Speaking at the meeting, chaired by Michel Prairie and conducted in both French and English, were Communist League executive committee members Beverly Bernardo, Félix Vincent Ardea and CL organizer Steve Penner. Excerpts from messages were read throughout the program.
Joining the communist movement
When Gorton was born in a working-class district of London in 1940 during the second imperialist war, Penner said, Britain was being hit daily by bombing runs from Berlin. “He and his mother were placed under the delivery table by nurses to protect them. Frank, with his well-known sense of humor, always said that experience marked his personality for the rest of his life.”
Gorton began his political activity when he was in school, initiating a fund campaign for refugees from Hungary after the Stalinist regime in Moscow sent troops to crush the 1956 revolutionary uprising by workers there. After graduating and apprenticing as an engineer for five years, he emigrated to Canada in 1964.
“Frank met the League for Socialist Action, then the section of the Fourth International in Canada and a predecessor of the Communist League, at a large anti-Vietnam War meeting at Massey Hall in downtown Toronto,” Bernardo told the meeting.
“LSA member Toni Foster (now Gorton) sold him a copy of the party’s paper, Workers Vanguard. He joined soon after and became involved in party work in the Fair Play for Cuba Committee defending the Cuban Revolution. He was also active in the growing movement against the Vietnam War and Ottawa’s complicity with Washington’s warmakers, and in other political and union struggles.
Party building in United Kingdom
In 1967 Frank and Toni moved to the U.K. to help build what became the International Marxist Group, the section of the Fourth International there. Frank got a job in Nottingham as a draftsman at the Raleigh bicycle factory.
“There’s a photo of Frank in the display booklet with a bullhorn at a Raleigh workers demonstration during their successful struggle for wage parity for the factory workers,” Penner said. “This was the kind of thing Frank loved to do.
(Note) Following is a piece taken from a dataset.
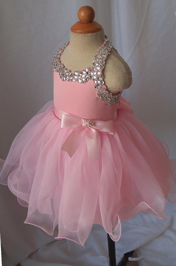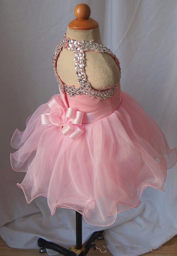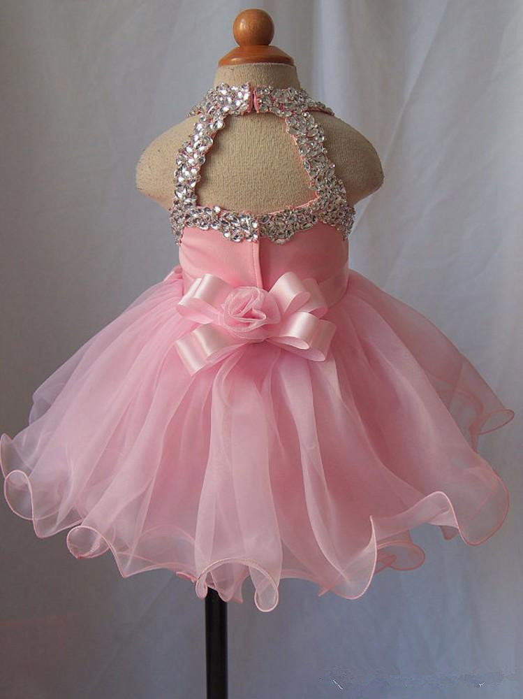 Pink Beads Flower Girl Dress Kid's Party Prom White First Communion Pageant Clothing for Baby Skirt D024

And he was good at it.”
The Gorton house became an organizing center for the anti-Vietnam War movement. “Toni and Frank were members of the National Council of the Vietnam Solidarity Campaign, which organized two mass anti-war marches in London, one of 100,000 and another of 200,000, in 1968,” said Penner. Gorton also joined in the party’s solidarity efforts with the Irish struggle against the U.K.’s ongoing colonial rule in Northern Ireland.
For some two decades, Gorton helped lead a political struggle for a proletarian orientation in the party in the U.K. He and other IMG members advocated a program and course of conduct in continuity with the world communist movement founded at the initiative of V.I. Lenin and the Bolshevik leadership of the October 1917 revolution in Russia.
Among other issues, this involved a political fight against the call on revolutionaries to orient to prolonged guerrilla war in Latin America. This disastrous course, adopted by a majority at a 1969 Fourth International congress, was extended to ultraleft policies by parties in Europe and beyond.
Gorton and other IMG cadres also fought to implement a turn to the industrial unions initiated by the SWP leadership and adopted in 1979 by the Fourth International. This course, presented in the new book The Turn to Industry by Jack Barnes, aims to meet growing opportunities to be part of struggles around wages and job conditions, building the unions and winning workers to the party. To help lead the turn, Gorton quit his draftsman’s job and took one on the factory floor.
Gorton knew these struggles were accompanied by new openings to expand circulation of revolutionary literature among workers and other exploited producers. During the 1984-85 strike by more than 100,000 coal miners against the drive of the Margaret Thatcher government to bust their union, Penner said, “Frank took the responsibility to organize party book tables at miners’ rallies all across the country.”
In his message celebrating Gorton’s contributions, SWP leader Jack Barnes said that “Frank was a big help to me in understanding more concretely the evolution over the past several decades in the class composition of the Labour Party membership and leadership.”
In the 1980s, leaders of the former IMG, renamed the Socialist League, had sent members into the Labour Party on what proved to be a wrong assessment it would be a central arena for working-class political activity.
But Gorton, by then a member of a Labour Party club in a more and more middle-class part of London, told Barnes that Labour was well on the way “to no longer being a party whose members in the main were miners, dock workers, engineers and other wage workers, organized in a structured way through their unions. It was increasingly a party of middle-class professionals, better-off office and ‘tech’ workers, teachers, and so on.”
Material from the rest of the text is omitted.